Investments—Participants direct the investment of their contributions into various investment options offered by the Plan. Company contributions are automatically invested in the elections made by the participants. The Plan currently offers mutual funds and an insurance investment contract as investment options for participants.

Vesting—Participants are vested immediately in their contributions plus actual earnings thereon. Vesting in the Company’s contribution portion of their accounts is based on years of continuous service. A participant is 100% vested after three years of credited service.

Participant Loans—A participant may borrow from his or her account provided that the participant executes a promissory note in the amount of the loan which indicates the repayment period and rate of interest. The minimum loan is $1,000, and the aggregate amount of outstanding loans to a given participant may not exceed 50% of the participant’s total vested account balance or $50,000, whichever is lower. The rate of interest on any loan is fixed at the prevailing rate used by commercial lending institutions on the date the loan application is received. The repayment period is selected by the participant, but may not exceed the lesser of five years or the number of years remaining before the participant’s retirement, with the exception of home loans. Repayment is facilitated through payroll deductions. Loans to participants are considered assets of the Plan and are presented at cost which approximates fair value.

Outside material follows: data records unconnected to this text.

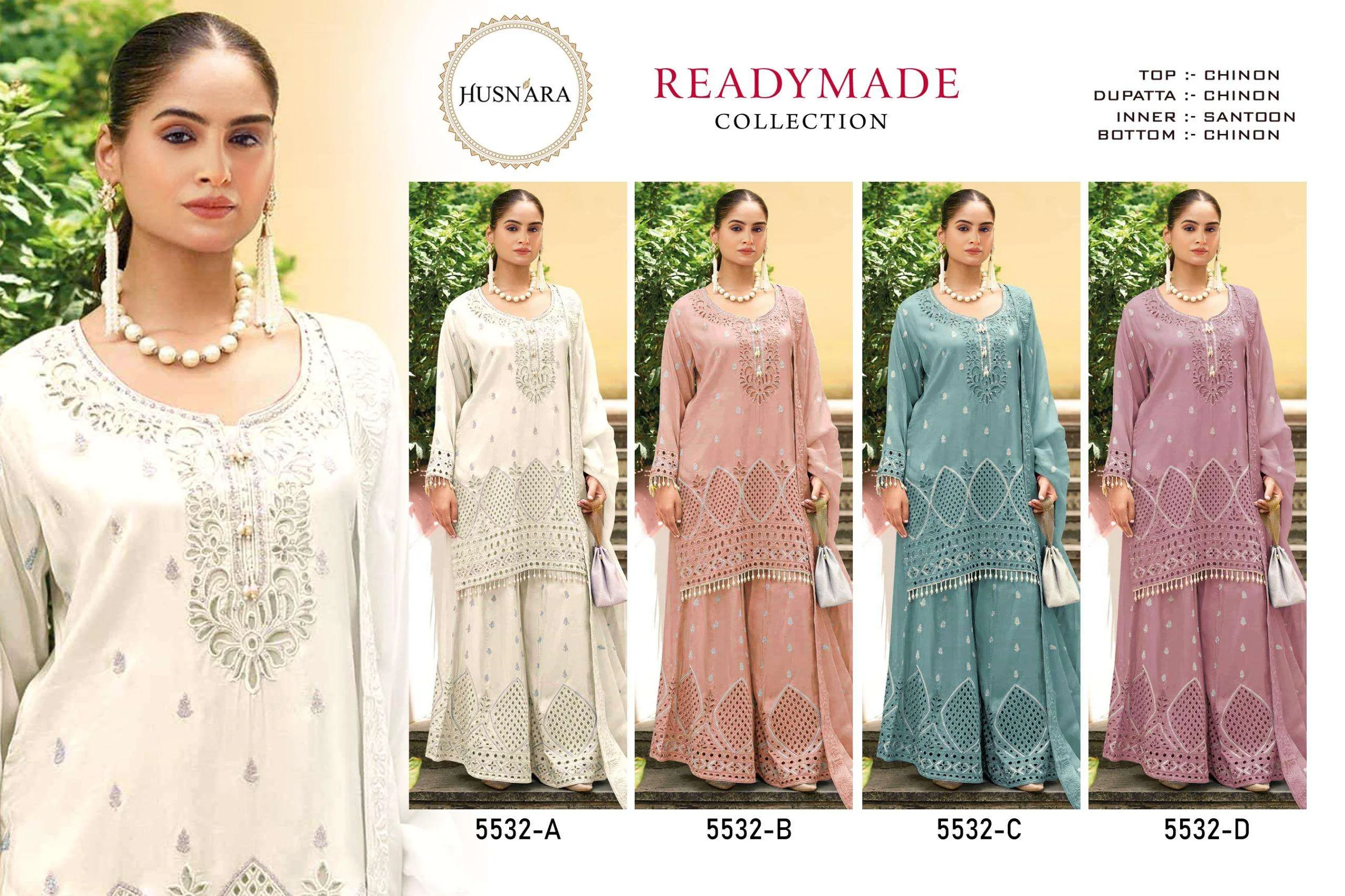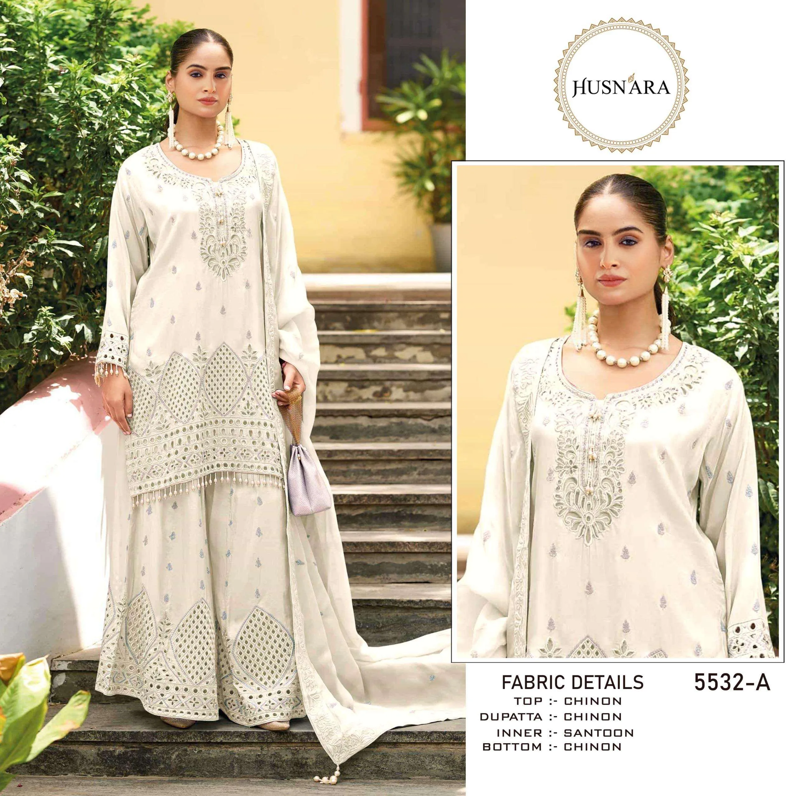 Husnara D No 5532 Chinon Heavy Embroidery Wholesale Pakistani Suit Collection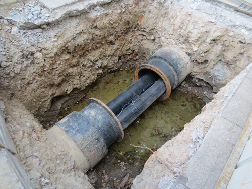 公司多部门参与,对原管网进行了细致地勘查及分析,最后商定,采用穿插U-HDPE管内衬修复旧管道技术,实行改造。此技术相对于传统的开挖换管方法,具有施工时间短、工程造价低、对路面交通影响小等优势。实施改造后,管道内壁光滑,不易结垢,使用年限得到了大幅度延长。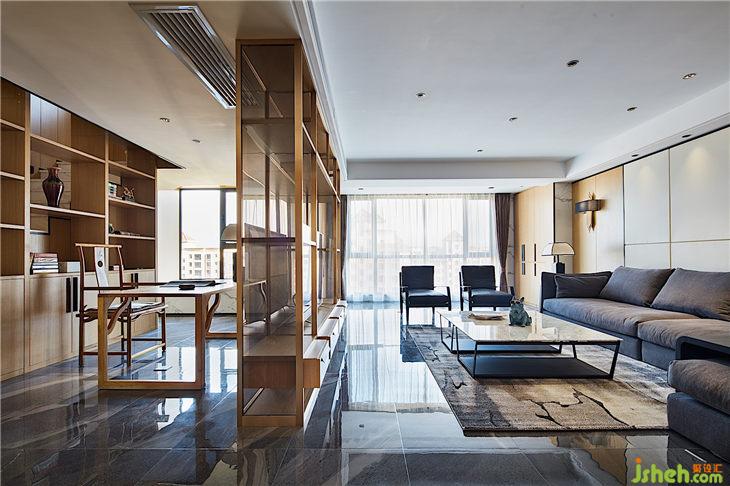 客廳劃分了休息區(qū)和一個小的辦公區(qū),中間選用了一款通透的玻璃展架,既能當電視柜,也是隔斷,不做完全的封閉,加深兩者之間的互動性。

Participant loans that are not repaid upon employment termination shall be considered in default. Loans shall also be considered in default if any loan payment is not paid within 90 days of the payment due date.

Loans in default—loans that did not result in any renegotiation of loan terms or resumption of repayment represent loans in default totaling $45,773 for the year ended December 31, 2006, the annual changes of which are included as distributions on the Statement of changes in Net Assets Available for Benefits. As such, these amounts have not been included as loans receivable from participants on the Statements of Net Assets Available for Benefits or on the Schedule of Assets Held at December 31, 2006.

Payment of Benefits—On termination of service, a participant may generally elect to receive either a lump-sum amount equal to the value of the participant’s vested interest in his or her account, or annual installments over a ten-year period.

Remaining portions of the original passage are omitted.